3. M-commerce growth: Becoming more common, increased price comparisons and retailer enabled Wi-Fi hot spots in stores have given rise to m-commerce. S&P speculated that 50% of consumers would have smartphones by the end of 2011 and that sales associates would also be empowered by this greater access to information.
Tablets and handheld devices are becoming staples for tech-smart retailers allowing associates to search online warehouses, other stores in a chain, and other retailers for specific products and prices. In turn, allowing consumers to make purchases right then and there. Google Wallet is making an appearance in retail store locations as well. OfficeMax added the new service to checkout terminals to make it easier for customers to pay, redeem coupons and utilize its loyalty program all through the use of their smartphones. Mobile services that enhance the shopping experience will soon become a necessity, not an option.
4. Social media growth: Driscoll determined that companies would more than likely rely on social media as an effective way for retailers to manage image and brand.
Retailers and companies are definitely capitalizing on all the possibilities that social media offers as its proven that consumers who connect with a brand via social media have a deeper emotional commitment to the brand or company and therefore, spend more money. According to a report by Bain & Company, those people that engage with brands through social media spend between 20% and 40% more on the products offered by the brands they follow compared with other customers.
5. Green/organic growth: S&P analysts expected consumers to increasingly seek out organic or green products in 2011.
This trend was not as predominant as anticipated. Companies are “going green” more often these days, but as far as green products are concerned, consumers are confused by what exactly ‘green’ means and are trying to request better clarification.
New research from Ryan Partnership Chicago and Mambo Sprouts Marketing determined that consumers would spend more money on sustainable products if they knew which products were “truly green”. The survey also concluded that more than half of shoppers prefer that sustainability information such as packaging and labels be displayed within the store.
6. Meeting individual consumer demand: It’s been important for retailers to personalize service, catering to individual consumer demands by providing greater service and marketing. But, the fact of the matter is that every store and consumer behaves differently.

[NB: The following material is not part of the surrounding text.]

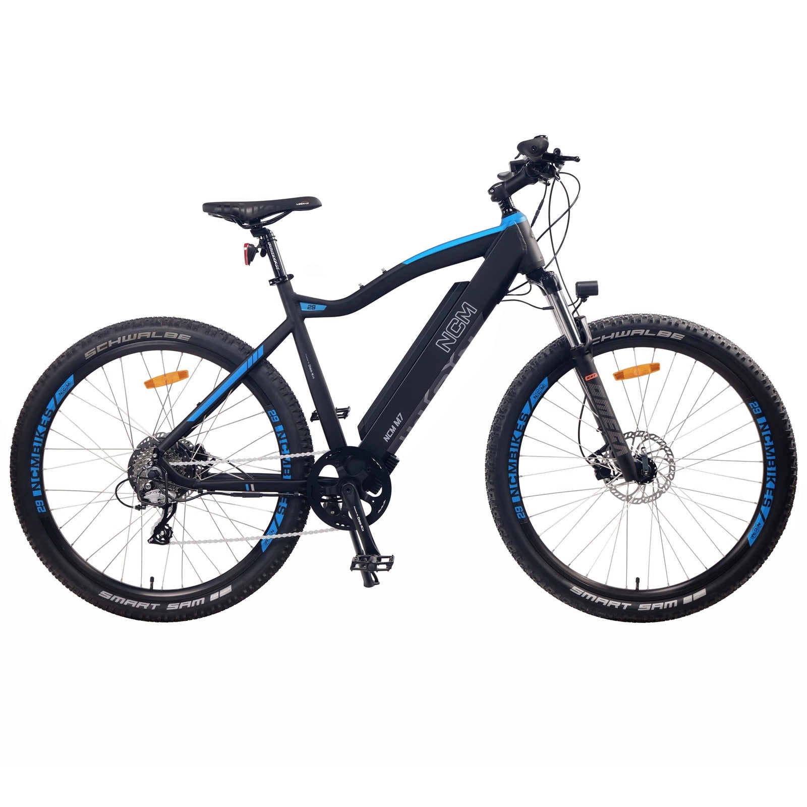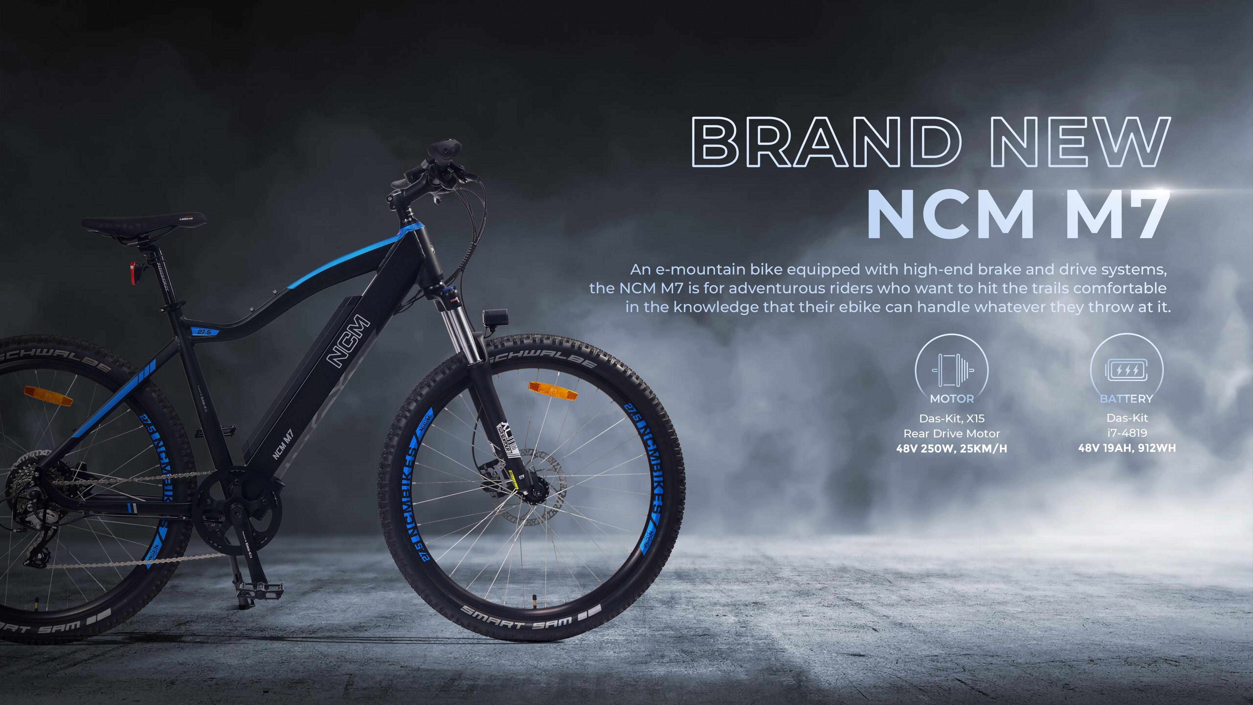 An e-mountain bike equipped with high-end brake and drive systems, the NCM M7 is for adventurous riders who want to hit the trails comfortable in the knowledge that their e-bike can handle whatever they throw at it.
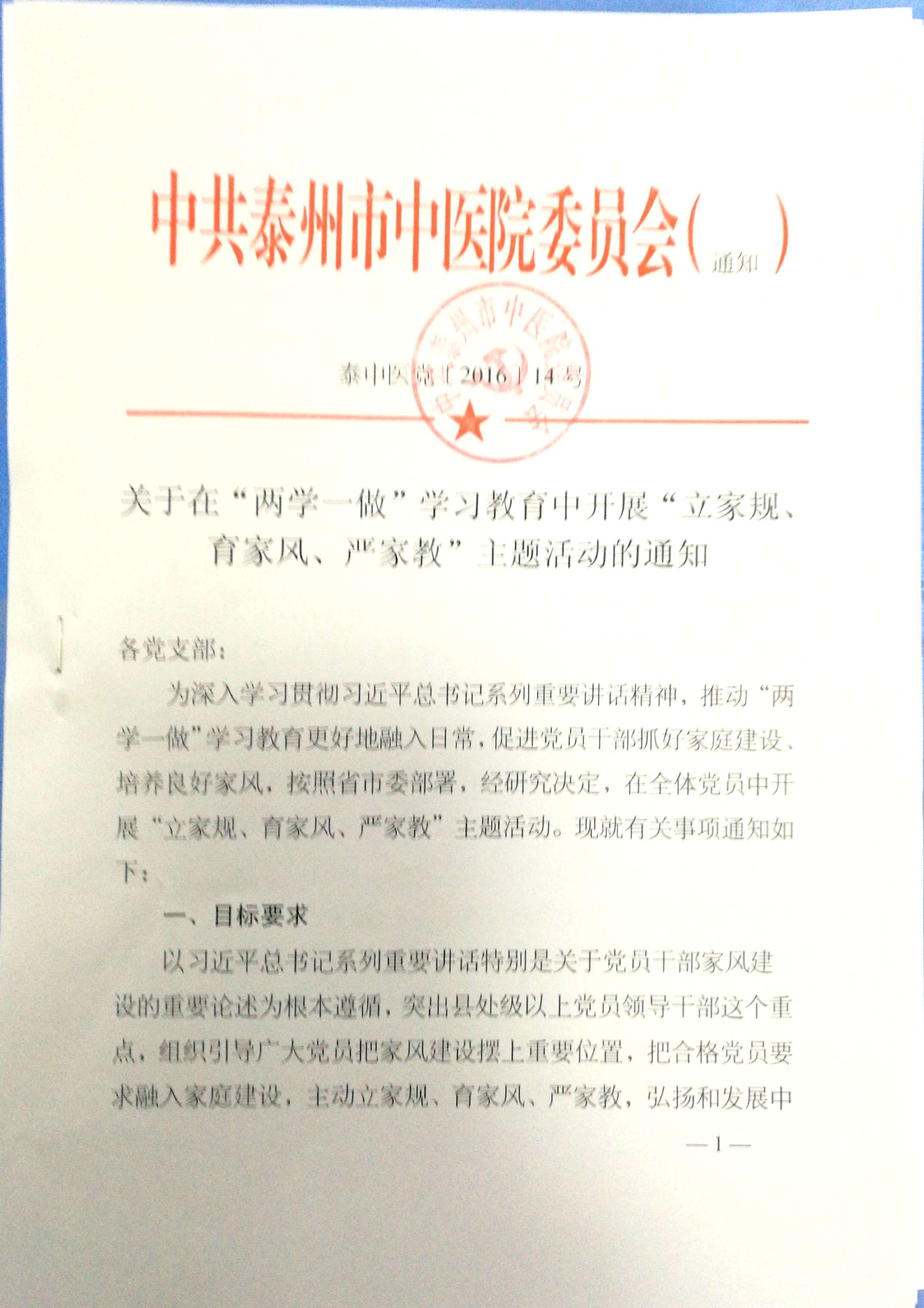關于在“兩學一做學習教育中開展”立家規(guī)、育家風、嚴家教主題活動的通知

More retailers are developing new sites and apps that allow consumers to input information about themselves for more tailored product searches. However, retailers such as Nordstrom don’t consider this a trend – it’s a best business practice for them in which each department within a store caters to a specific lifestyle. Moreover, Nordstrom offers free personal shoppers to help each customer find exactly what he or she looking for. For Nordstrom, it’s always been about the individual consumer.
7. Increasing the divide between high-end and value merchants: The success of high-end luxury stores benefiting from the wealthy and low-end retailers being aided by value-seeking consumers will continue throughout 2011.
This has been a very true trend for quite some time now especially as, despite the recession, the wealthy have continued to shop high-end stores and value driven consumers are taking a step back. Retailers that cater to consumers on the tightest budgets stand to lose the most.
8. Increasing the thrill factor: Consumers will seek out new and exciting experiences. S&P predicted stores that are able to thrill, surprise, delight and engage would probably win in this category.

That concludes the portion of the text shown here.